Prediksi SDY — Aktivis Greenpeace Indonesia bersama sejumlah pemuda Papua menggelar aksi teatrikal dan unjuk rasa damai di depan Kantor Kementerian Koordinator Bidang Perekonomian, Jakarta, pada Kamis (18/12/2025). Aksi ini menyuarakan penolakan dan keprihatinan mendalam terhadap rencana Proyek Strategis Nasional (PSN) perkebunan tebu skala besar di Merauke, Papua.
Proyek Energi yang Dinilai Sebagai Solusi Palsu
Para pengunjuk rasa menilai proyek ini sebagai solusi palsu atas kebutuhan energi nasional. Mereka menyatakan bahwa ambisi pengembangan bioetanol dari tebu justru mengancam keberlangsungan hutan alam primer dan merampas ruang hidup masyarakat adat setempat. Menurut mereka, pembukaan lahan besar-besaran untuk proyek ini berpotensi menyebabkan deforestasi masif di Tanah Papua.

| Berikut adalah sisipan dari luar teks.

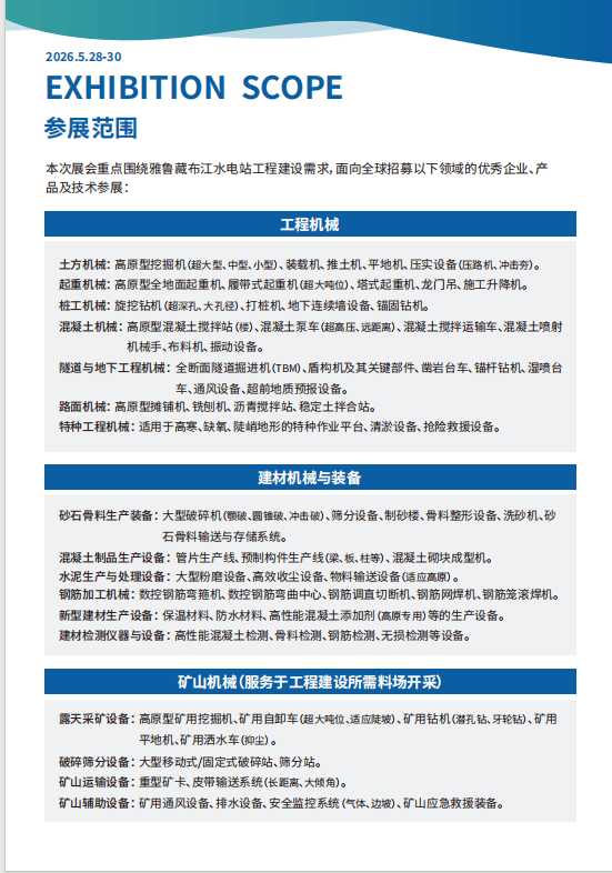 2026雅鲁藏布江水电坐扶植暨工程机械博览会招展工做全面启动,让我们配合勤奋,汇聚全球顶尖的配备 制制商、手艺处理方案供给商、焦点零部件供应商、建材出产商及工程办事商,要正在这片“地球第三极”上铸就平安、高效、智能、绿色的超等工程,雅鲁藏布江复杂的地质构制、极端的高海拔、懦弱的生态基底,集中展现面向 超高海拔、超大埋深、超大流量、超强地质应力、超严环保要求等极端工况下的立异产物、尖 端手艺取系统处理方案。共线雅鲁藏布江水电坐扶植暨工程机械博览会

Kekhawatiran atas Hutan dan Masyarakat Adat
Greenpeace Indonesia menyoroti pernyataan Presiden Prabowo Subianto mengenai rencana penanaman kelapa sawit untuk Bahan Bakar Minyak (BBM) serta tebu atau singkong untuk etanol di Papua. Organisasi lingkungan itu menyatakan kekhawatiran bahwa ambisi swasembada energi dan pangan tersebut berisiko tinggi membabat jutaan hektar hutan alam dan mengabaikan keberadaan serta hak-hak masyarakat adat Papua.
Pernyataan Pemerintah dan Arah Pembangunan
Di sisi lain, dalam sebuah pengarahan kepada kepala daerah se-Papua dan Komite Eksekutif Percepatan Pembangunan Otonomi Khusus Papua di Istana Negara pada Selasa (16/12/2025), Presiden Prabowo menegaskan bahwa penanaman komoditas tersebut di Papua ditujukan untuk mencapai swasembada energi dan pangan nasional. Pernyataan ini menjadi dasar dari proyek-proyek strategis yang kini menuai kritik dari berbagai kalangan.
Aksi di Jakarta ini menjadi penanda ketegangan antara dua kepentingan besar: percepatan pembangunan ekonomi dan energi versus pelestarian lingkungan serta penghormatan terhadap hak-hak masyarakat adat. Dialog dan kajian mendalam yang melibatkan semua pemangku kepentingan dinilai sangat diperlukan untuk mencari titik temu yang berkelanjutan.